Exercise objective — Take the material below and extract the lines from the one with "小香风外套每年都有白色的单品" through the one with "ポットで育てていたオクラを植え付けしました。", word for word, without pictures.

Data extracts —
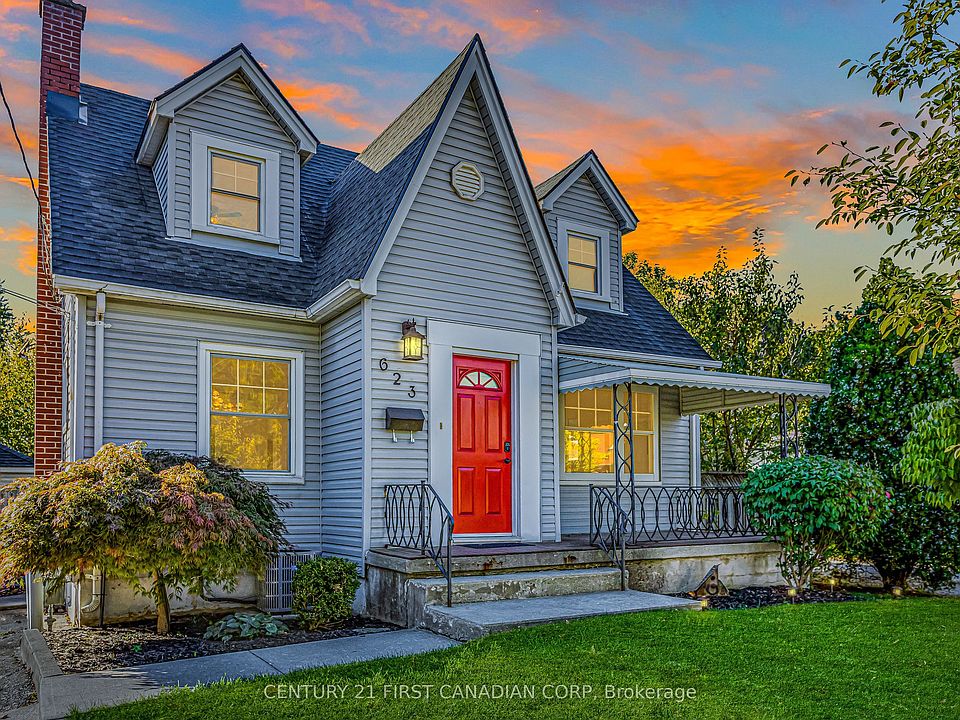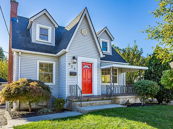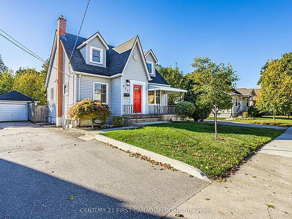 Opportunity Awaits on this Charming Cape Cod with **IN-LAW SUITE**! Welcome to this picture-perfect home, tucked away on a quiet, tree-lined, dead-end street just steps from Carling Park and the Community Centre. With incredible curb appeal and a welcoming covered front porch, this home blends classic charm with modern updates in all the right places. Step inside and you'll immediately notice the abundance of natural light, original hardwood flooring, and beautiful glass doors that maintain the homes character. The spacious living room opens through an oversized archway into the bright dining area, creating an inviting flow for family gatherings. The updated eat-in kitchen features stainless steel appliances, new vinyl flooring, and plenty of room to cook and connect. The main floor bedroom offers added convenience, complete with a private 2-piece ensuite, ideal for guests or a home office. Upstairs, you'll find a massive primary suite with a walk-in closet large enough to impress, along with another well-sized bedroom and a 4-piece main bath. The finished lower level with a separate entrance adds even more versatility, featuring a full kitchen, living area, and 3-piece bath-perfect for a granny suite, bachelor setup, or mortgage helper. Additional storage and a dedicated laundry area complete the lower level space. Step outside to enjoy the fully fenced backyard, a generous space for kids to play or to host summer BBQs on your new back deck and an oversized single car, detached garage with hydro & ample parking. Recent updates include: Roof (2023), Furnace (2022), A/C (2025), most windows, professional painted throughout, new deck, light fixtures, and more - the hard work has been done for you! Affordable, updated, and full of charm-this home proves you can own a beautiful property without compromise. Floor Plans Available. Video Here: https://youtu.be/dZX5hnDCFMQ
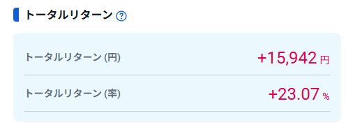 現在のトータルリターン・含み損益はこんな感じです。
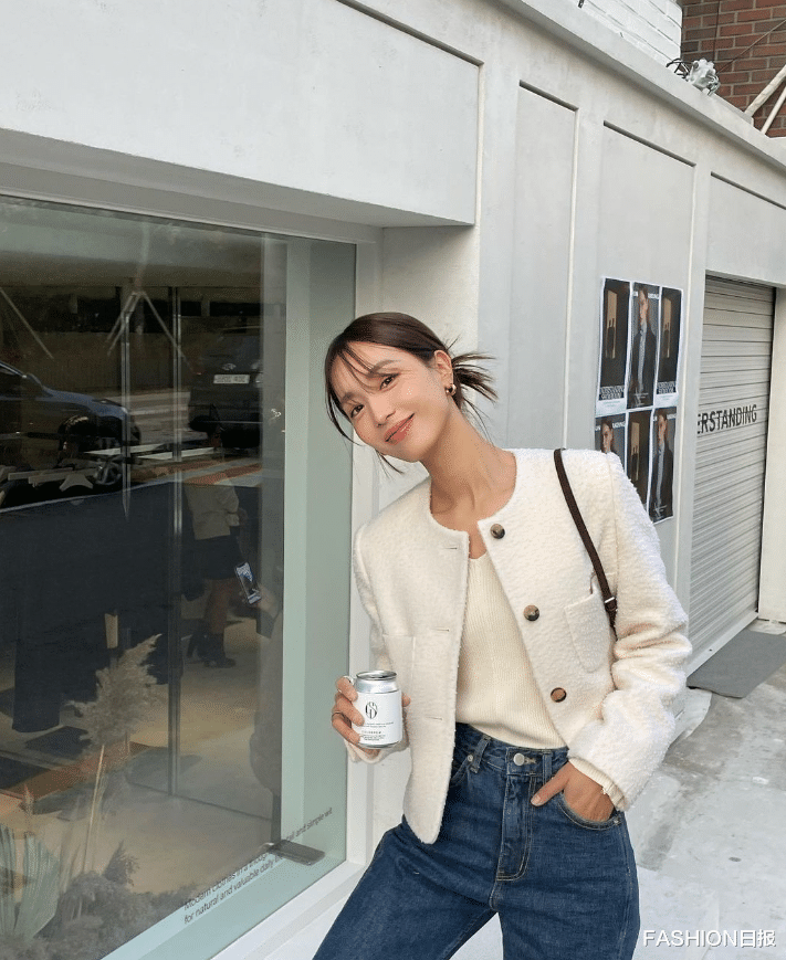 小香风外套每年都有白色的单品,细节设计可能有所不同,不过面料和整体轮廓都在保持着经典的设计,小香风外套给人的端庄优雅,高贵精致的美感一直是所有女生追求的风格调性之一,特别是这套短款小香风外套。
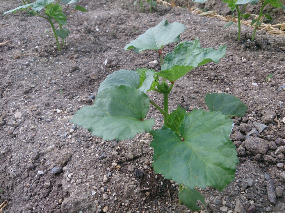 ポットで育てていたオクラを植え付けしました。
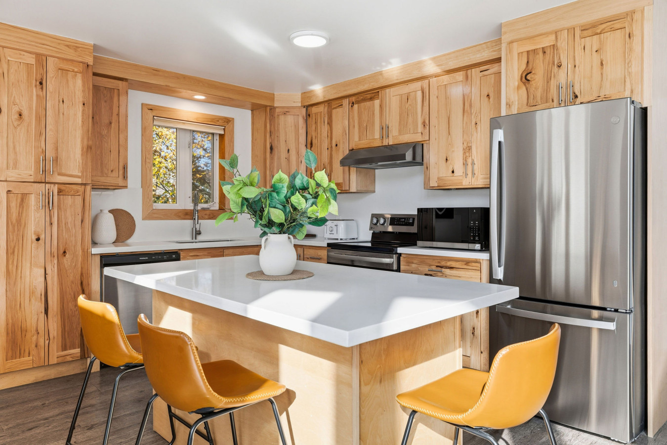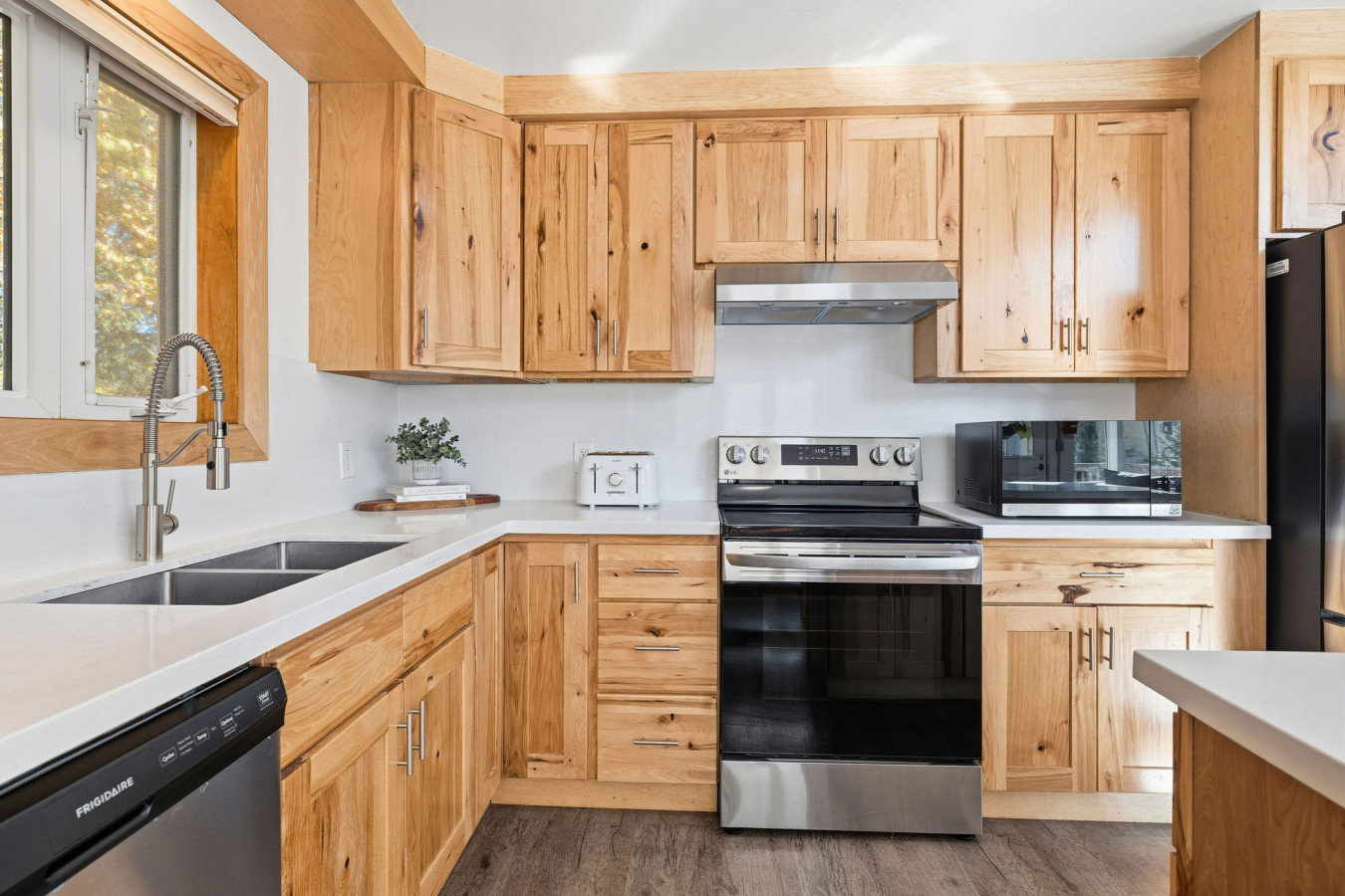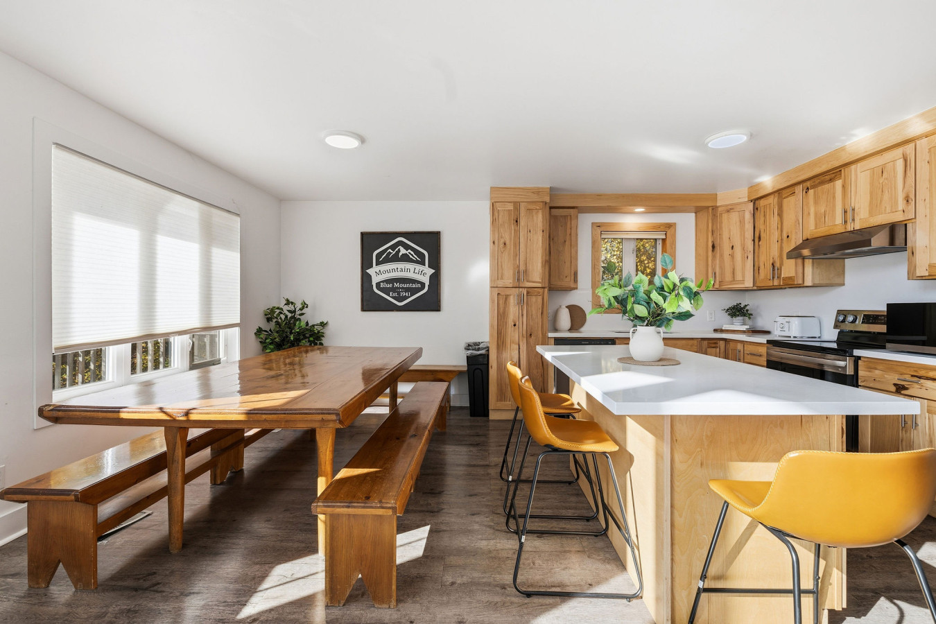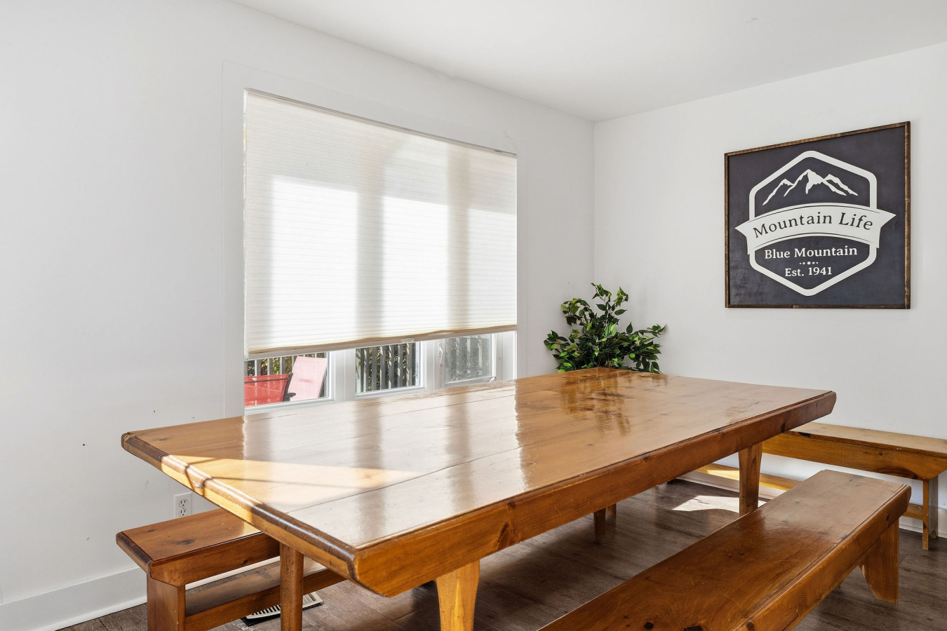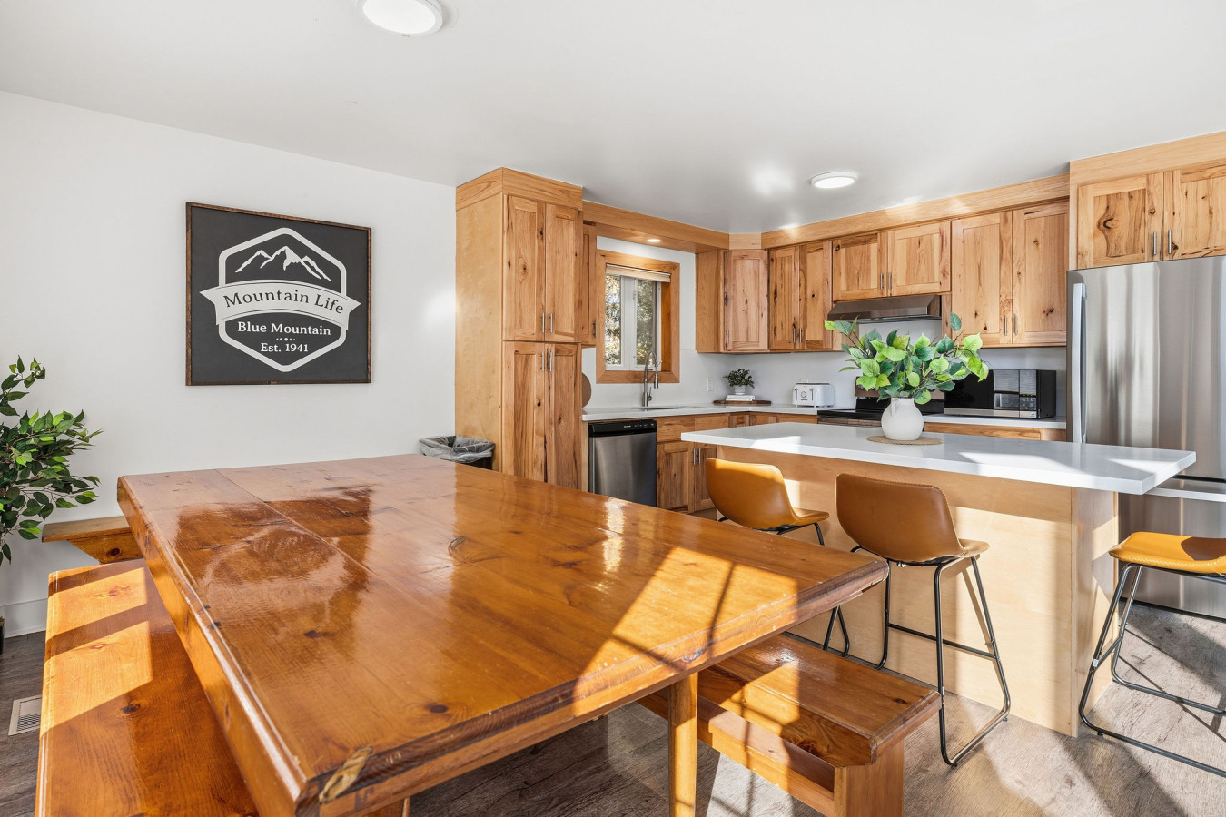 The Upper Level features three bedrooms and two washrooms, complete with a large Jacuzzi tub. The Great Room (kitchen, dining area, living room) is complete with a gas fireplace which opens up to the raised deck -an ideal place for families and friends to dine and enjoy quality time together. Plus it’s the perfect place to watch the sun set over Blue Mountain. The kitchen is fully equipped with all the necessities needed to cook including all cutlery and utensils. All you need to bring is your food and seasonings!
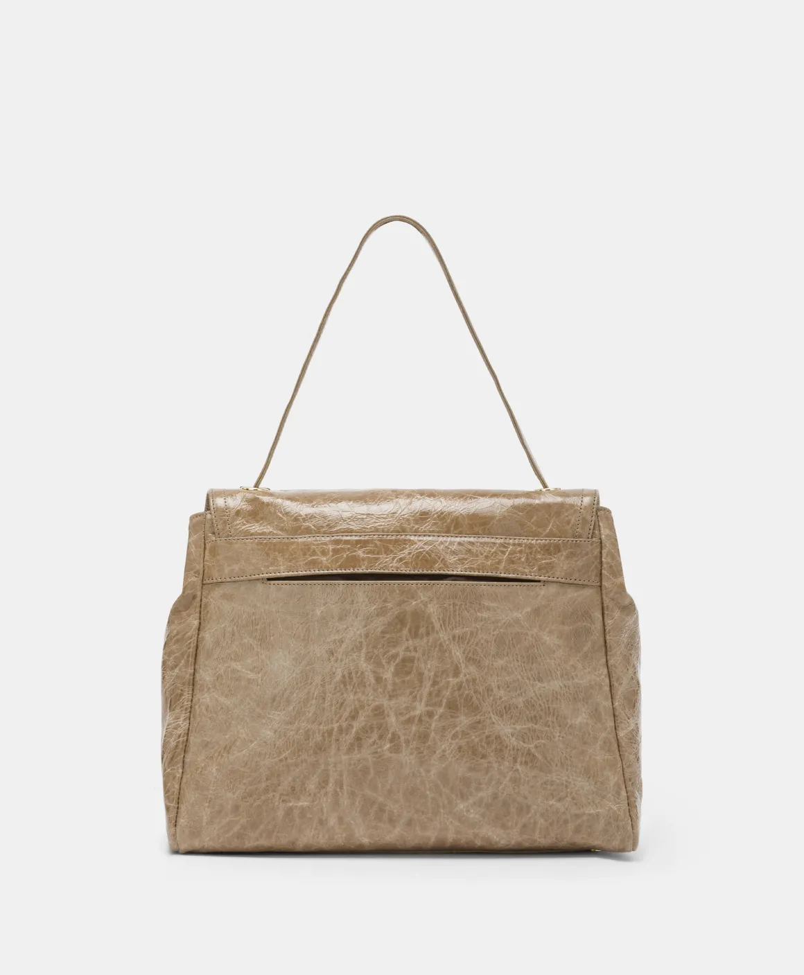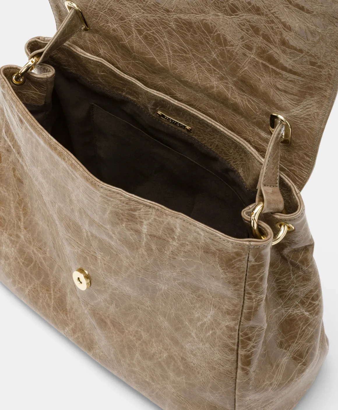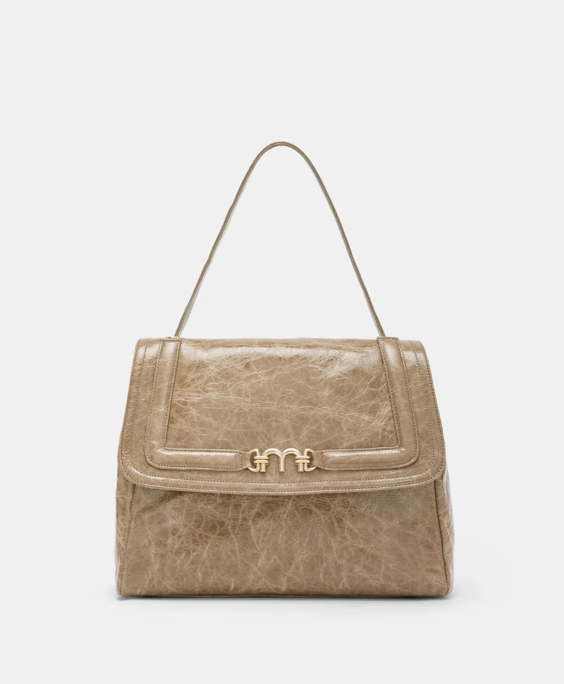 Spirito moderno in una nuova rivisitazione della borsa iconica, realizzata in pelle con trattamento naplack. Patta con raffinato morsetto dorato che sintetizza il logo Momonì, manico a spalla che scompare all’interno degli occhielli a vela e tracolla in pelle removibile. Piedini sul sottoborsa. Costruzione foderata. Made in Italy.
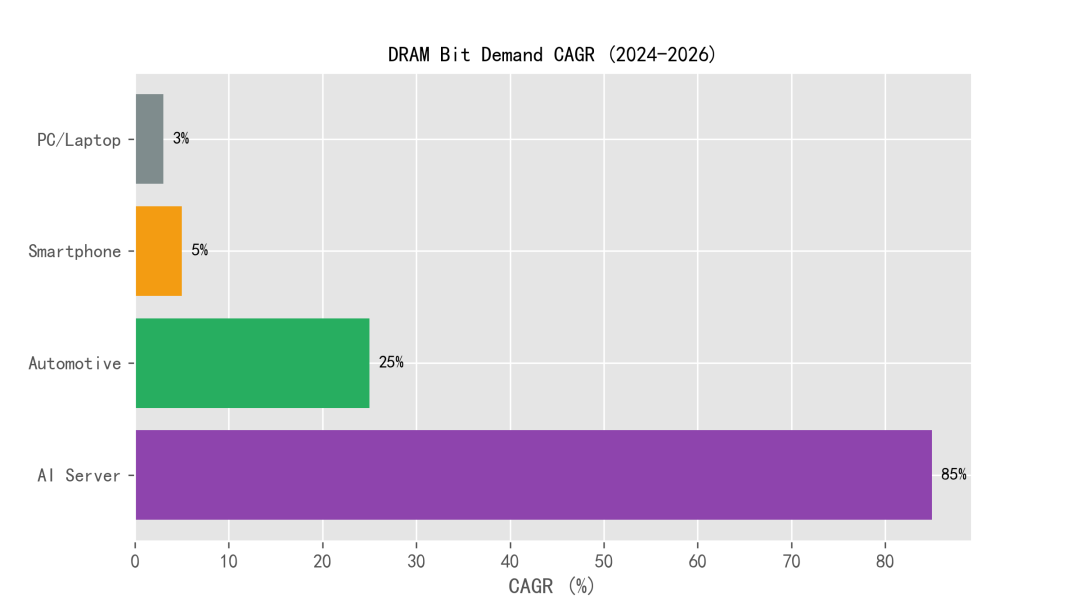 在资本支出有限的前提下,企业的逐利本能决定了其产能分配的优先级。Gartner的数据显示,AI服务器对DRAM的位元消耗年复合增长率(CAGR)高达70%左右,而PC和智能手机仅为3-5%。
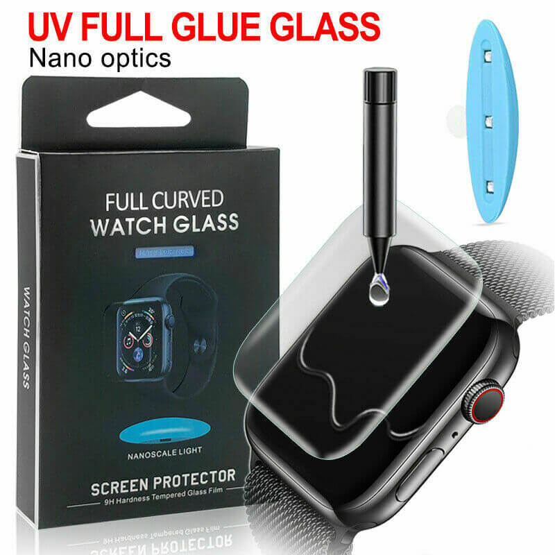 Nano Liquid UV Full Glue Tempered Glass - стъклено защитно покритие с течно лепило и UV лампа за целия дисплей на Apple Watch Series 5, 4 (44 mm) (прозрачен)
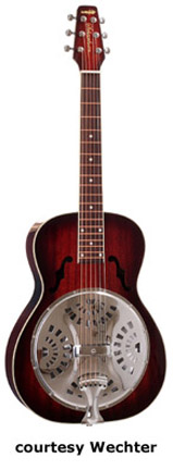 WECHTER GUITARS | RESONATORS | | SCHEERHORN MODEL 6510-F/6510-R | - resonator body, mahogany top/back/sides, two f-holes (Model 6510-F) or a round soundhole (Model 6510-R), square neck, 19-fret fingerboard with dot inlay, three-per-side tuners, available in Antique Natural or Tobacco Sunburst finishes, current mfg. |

Your response —
 小香风外套每年都有白色的单品,细节设计可能有所不同,不过面料和整体轮廓都在保持着经典的设计,小香风外套给人的端庄优雅,高贵精致的美感一直是所有女生追求的风格调性之一,特别是这套短款小香风外套。
 ポットで育てていたオクラを植え付けしました。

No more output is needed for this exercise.